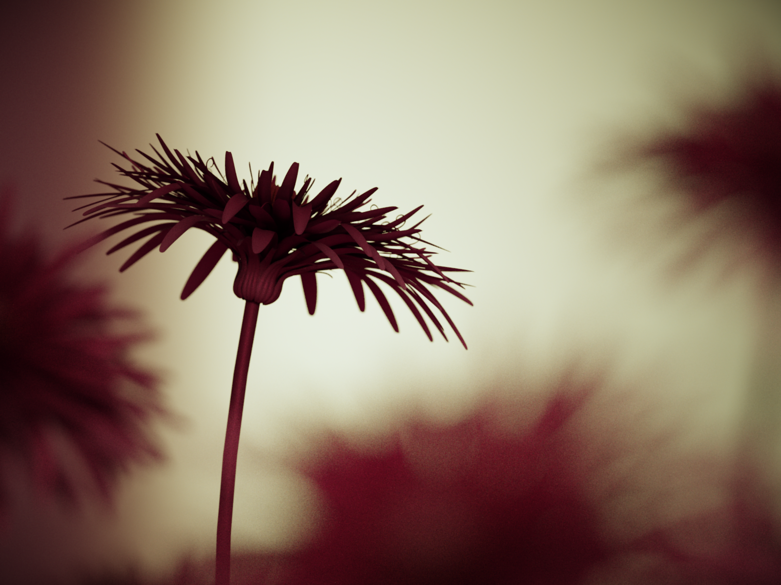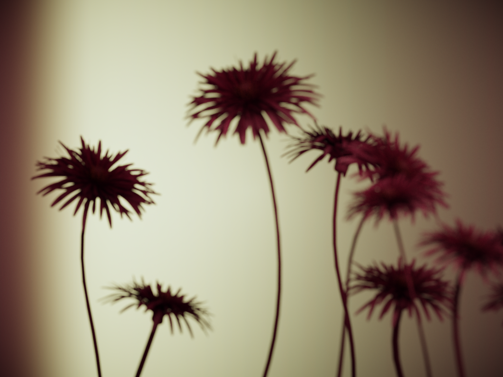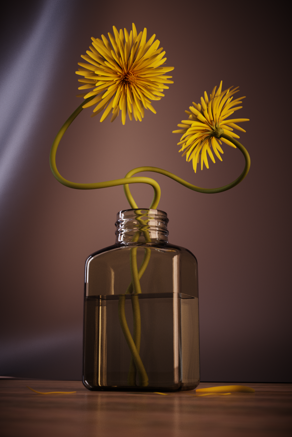 The idea came from wondering what birthday present may I make to my spouse (we live quite far away from each other right now +- 1400 km). Actually I got inspired by very simple and modest painting of two sow thistles being put into empty ink glass jar (unfortunately I can't find the image now, if this will be required, I hope I'll manage to browse it somewhere in the net) but mine version was about to show them dancing with each other. I wanted the render to look like a still life type of image or painting, so I've modeled my flowers, the scene and later on played with composition, including not only the one I've described
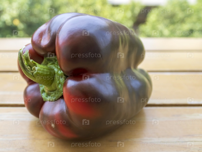 Большой красно-зеленый сладкий перец на садовом столе, ближайший снимок
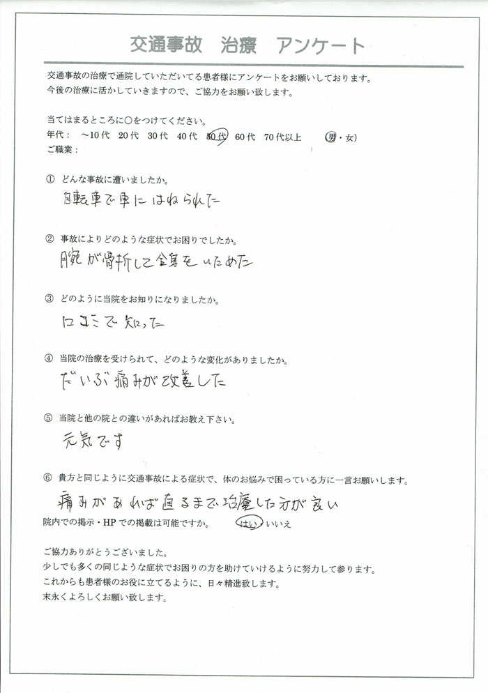 50代 男性(交通事故治療・腕の骨折)|群馬県高崎市で交通事故のケガ、腰痛、捻挫治療なら「かねしま整骨院」へ
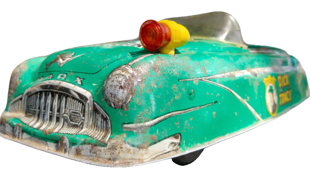 Autêntico carrinho americano da renomada fabricante Marx, produzido entre as décadas de 1940 e 1950. Peça original de época, representando fielmente o design e o charme dos brinquedos metálicos do pós-guerra.

##############################

■ **The problem**: An exact copy is needed of the lines from the start of the listing through the line with "Большой красно-зеленый сладкий", both end lines included and pictures excluded.

■ **Answer section**:
 The idea came from wondering what birthday present may I make to my spouse (we live quite far away from each other right now +- 1400 km). Actually I got inspired by very simple and modest painting of two sow thistles being put into empty ink glass jar (unfortunately I can't find the image now, if this will be required, I hope I'll manage to browse it somewhere in the net) but mine version was about to show them dancing with each other. I wanted the render to look like a still life type of image or painting, so I've modeled my flowers, the scene and later on played with composition, including not only the one I've described
 Большой красно-зеленый сладкий перец на садовом столе, ближайший снимок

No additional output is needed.